On Thursday, Burberry shares experienced a 9% decline as the British luxury fashion retailer issued a warning that its full-year operating profit is anticipated to be at the lower end of forecasts due to a global slowdown in luxury spending.
The company also expressed concerns that it might fall short of its annual revenue projections for low double-digit growth.
In its fiscal second-quarter earnings report, Burberry disclosed that comparable store sales growth decelerated to just 1%, a significant drop from the 18% reported in the previous quarter, as momentum in China waned.
Burberry's half-year operating profit amounted to £223 million ($276.64 million), reflecting a 15% decrease from the previous year. Nonetheless, CEO Jonathan Akeroyd emphasized the company's "good progress" in achieving its strategic objectives, particularly with the launch of its Winter 23 collection designed by Daniel Lee.
Akeroyd acknowledged the challenging macroeconomic environment but expressed confidence in Burberry's strategy to establish itself as a modern British luxury brand. The company remains committed to realizing its medium and long-term targets.
The softer demand for luxury goods is impacting companies globally, with economic uncertainty and increased inflation limiting consumer spending on high-end items. LVMH, the world's largest luxury group, reported a quarterly sales slowdown, and Richemont, the owner of Cartier, warned of weaker growth.
Burberry highlighted the impact of the global luxury demand slowdown on its current trading. If this weaker demand persists, the company is unlikely to achieve its previously stated revenue guidance for FY24. In this context, the adjusted operating profit is expected to be toward the lower end of the current consensus range (£552m-£668m).

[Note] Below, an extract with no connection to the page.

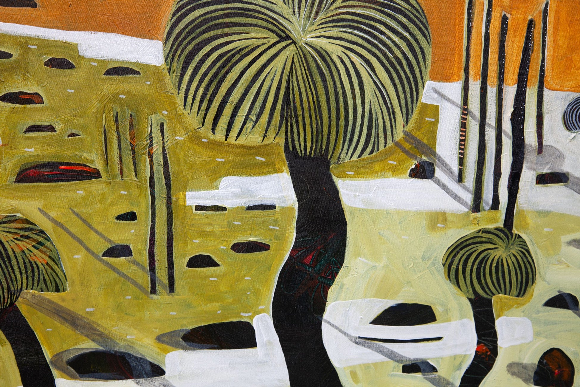 Through the use of strong lines, bold colours and overpainted textures Tania is endeavouring to capture the delicacy and strength of this vast country.
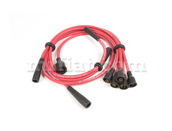 Red spark plug cables set for Fiat 124 Coupe Spider 1600 1800 2000 models. Fits models with distributor on cylinder head.

In addition to global challenges, Burberry emphasized a unique challenge in the U.K. due to the government's elimination of VAT-free shopping for international visitors. The Americas posed a particular challenge for Burberry in the quarter, with comparable store sales declining by 10%.
CEO Jonathan Akeroyd is expected to prioritize addressing issues in the Americas. Analysts suggest that Burberry shareholders may find reassurance in the broader struggles faced by luxury peers, indicating that the company is not grappling with problems of its own making. The focus for Burberry now is to safeguard and invest in its brand while waiting for an improvement in the overall backdrop.